Wall Street’s heavyweights are starting to feel the sting of tariffs.
General Motors saw its second quarter (Q2) core profit tumble 32% to US$3 billion, blaming steep tariff costs for shaving US$1.1 billion from its bottom line.
The company’s shares lost 3.5% in premarket trading, while peer Ford also dropped 1%.
RTX cut its 2025 profit forecast as the aerospace and defense giant took a hit from Trump’s tariff war.

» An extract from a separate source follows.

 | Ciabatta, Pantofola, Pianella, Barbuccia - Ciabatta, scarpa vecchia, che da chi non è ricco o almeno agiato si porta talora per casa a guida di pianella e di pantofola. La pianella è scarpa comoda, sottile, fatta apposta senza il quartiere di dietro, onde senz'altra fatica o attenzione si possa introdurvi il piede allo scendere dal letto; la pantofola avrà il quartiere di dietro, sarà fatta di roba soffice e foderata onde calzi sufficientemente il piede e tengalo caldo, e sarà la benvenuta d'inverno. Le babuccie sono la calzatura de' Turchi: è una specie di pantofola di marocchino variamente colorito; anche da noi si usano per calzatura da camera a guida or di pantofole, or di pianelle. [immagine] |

Its shares dropped 1%.
Meanwhile, Coca-Cola rose 1% after beating Q2 revenue estimates.
Despite trade policy uncertainty out of Washington, the US economy’s resilience has propelled major indexes to fresh all-time highs.
With little over a week to go before Aug 1, treasury secretary Scott Bessent emphasised yesterday that the administration was prioritising the quality of trade deals over speed.

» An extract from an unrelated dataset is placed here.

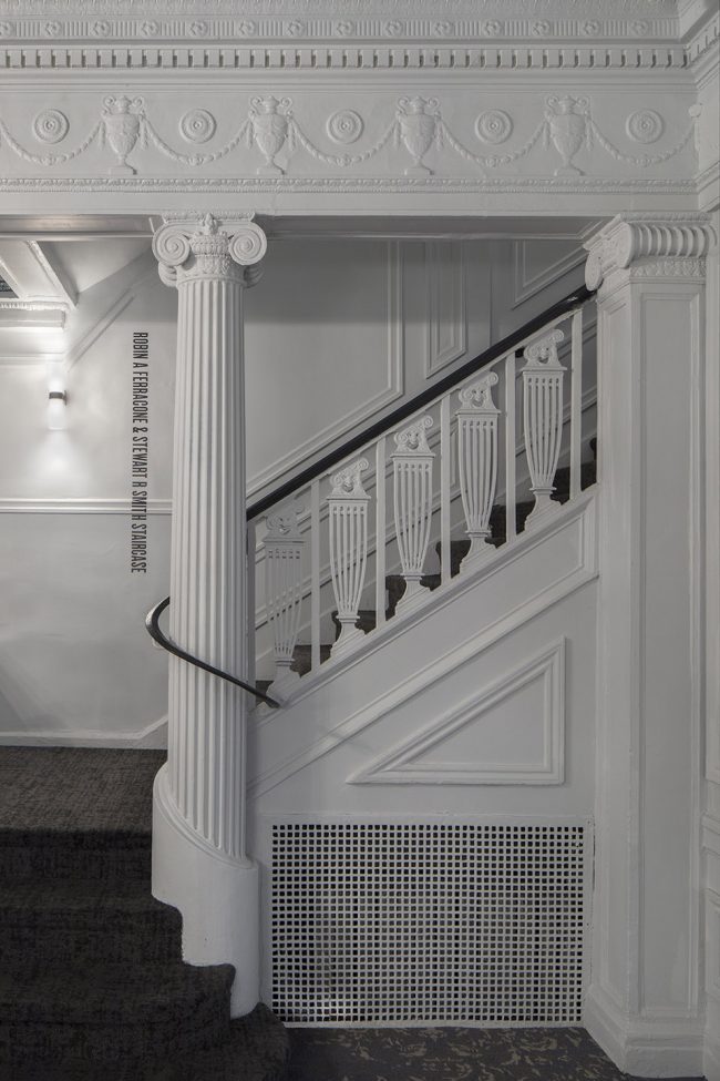 A major part of the refurbishment saw Rockwell Group demolish the remnant of an old townhouse that was used as an areaway for emergency exiting. A portion of this 18’ x 70’ footprint was used to create an extension to the adjacent stage house of Jujamcyn’s St. James Theater. The remaining area of this footprint provides an accessible elevator and exit stairs as well as an accessible bathroom at the Balcony level and 3rd floor, along with the Donor Lounge at the 3rd floor.

Meanwhile, trade talks are stuck as the EU weighs new countermeasures against the US and hopes for an interim deal with India were fading, Indian government officials said.

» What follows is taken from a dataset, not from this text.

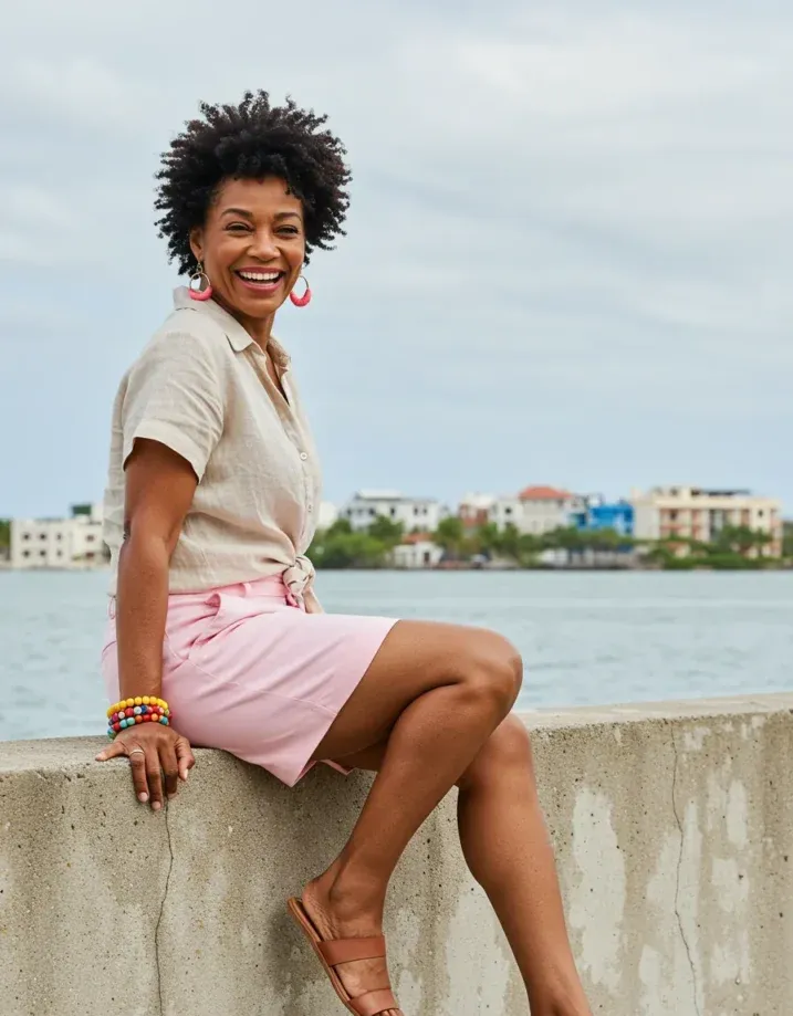 This outfit is sweet, sunny, and totally mood-lifting. She s styled a beige linen button-up shirt with the front tied in a cute knot for an easygoing touch. The shirt is paired with soft pink shorts that bring just the right pop of color, and she finishes the look with warm brown flat sandals. Colorful bead bracelets and playful pink hoop earrings add extra joy and personality to the mix.

Still, a slew of positive earnings surprises has kept markets near record territory.
Analysts expect S&P 500 companies to report a healthy 6.7% jump in Q2 profits, with Big Tech leading the charge, data compiled by LSEG shows.
“While US stocks may be due for a breather, we believe the bull market remains intact… we recommend using volatility as an opportunity to phase into markets,” Mark Haefele, CIO of UBS Global Wealth Management said.
Today’s cautious trading comes after a rollercoaster session that ended with the S&P 500 and Nasdaq both notching record closes.
Much of the action was fueled by investors snapping up megacaps such as Alphabet ahead of earnings.
Google-parent Alphabet and EV-maker Tesla will inaugurate quarterly results for the “Magnificent Seven” stocks tommorrow, setting the tone for Wall Street.
Shares of Tesla were down 0.3% in premarket trading, having fallen about 19% so far in 2025 amid CEO Elon Musk’s political involvement and the challenges its core business faces.
Investors will also be tuning in at 8.30am for a speech from US Federal Reserve (Fed) chair Jerome Powell, searching for hints on the central bank’s next move.
The Fed’s reluctance to cut rates has drawn fire from the Trump administration, fueling speculation about Powell’s future.
Bessent signaled yesterday that he wants to review the Fed’s performance as an institution.
Following last week’s mixed economic signals, traders have all but ruled out a rate cut next week and now see a 56.3% chance of an easing in September, according to the CME FedWatch tool.
Among other movers, US coal miners Peabody Energy and Warrior Met Coal were up 3.7% each, as China’s coking coal prices surged amid market speculation about government inspections in major production hubs.